- Klepto DVD cover
- Directed by: Thomas Trail
- Written by: Thomas Trail Ethan Gross
- Starring: Meredith Bishop Jsu Garcia Leigh Taylor-Young Henry Czerny Kansas Bowling
- Distributed by: Magnolia Pictures
- Release dates: March 5, 2003 (Cinequest Film Festival); April 18, 2006 (United States);
- Running time: 82 minutes
- Country: United States
- Language: English

= Klepto (film) =

2003 film directed by Thomas Trail

Klepto is a 2003 straight-to-DVD independent thriller film starring Meredith Bishop and Jsu Garcia. It is the debut film of director Thomas Trail and premiered at the 2003 CineVegas Film Festival.

==Plot==
In Los Angeles, Emily Brown is a kleptomaniac who is addicted to pills and misses her jailed father, and is undergoing therapy trying to resolve her compulsion. She has a police record for shoplifting, and her mother Teresa is a compulsive shopper whose spending has ruined her financially.
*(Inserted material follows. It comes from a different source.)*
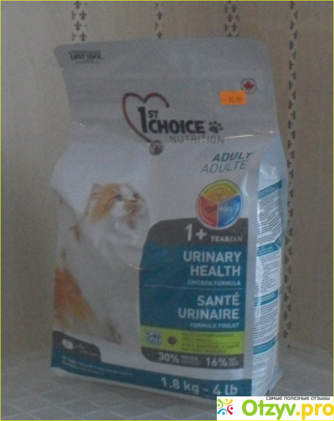 "Urinary Health" это сравнительно новый продукт в линейке канадских супер-премиальных кормов 1st Choice. Во всяком случае в наших магазинах я обнаружила его около полугода назад. На сайте производителя тщательно изучила состав и решила купить. Корм моим обоим котам очень понравился. С тех пор покупаю его регулярно. Он продается в пакетах несколько не стандартных для этой линейки - по 1.8 кг. Два кота съедают упаковку за две недели.

The security guard Nick, of Bernstein's department store, sees Emily through a camera and becomes fascinated with her. She resists his advances, which are tinged with blackmail, but her mother approves. When Nick, a couch-surfing divorcee, gets in trouble dealing ecstasy, he presses Emily to help him rob Bernstein's. She resents being coerced into a carefully planned crime and finds a way of both thwarting his plans and bailing-out her mother.

==Cast==

- Meredith Bishop as Emily Brown
  - Grace Korkunis as Young Emily Brown
- Jsu Garcia as Nick
- Leigh Taylor-Young as Teresa
- Henry Czerny as Ivan
- Michael Nouri as Dr. Cohn
- Michael Irby as Marco
- Kirk B.R. Woller as Jeffries
- Michael E. Rodgers as Sandy Hauser
- Dorian Lopinto as Ms. Hall
- Tori Meyer as Gretchen
- Scott Satenspiel as Jason Klartich
- Kansas Bowling as Nick's Daughter (credited as Kansas Skye)
- Teressa Tunney as Nick's Ex-Wife
- Jeff Garvin as Jimmy, The Store Clerk
- Teala Davies as Shoplifter
- Mark Chaet as Pharmacist
- Al Israel as Watch Salesman

==Reviews==
Dennis Harvey, of Variety called Klepto an "engaging serio-comedy" and "nifty little character study-cum-caper" picture.

Preston Jones, of DVD Talk praised "a pair of winning performances" in a screenplay which "draws you in close for a subtly surprising finale".

==Home media==
A Region-free PAL 4:3 (original was anamorphic 1.78:1) DVD was published in Australia by Flashback Entertainment.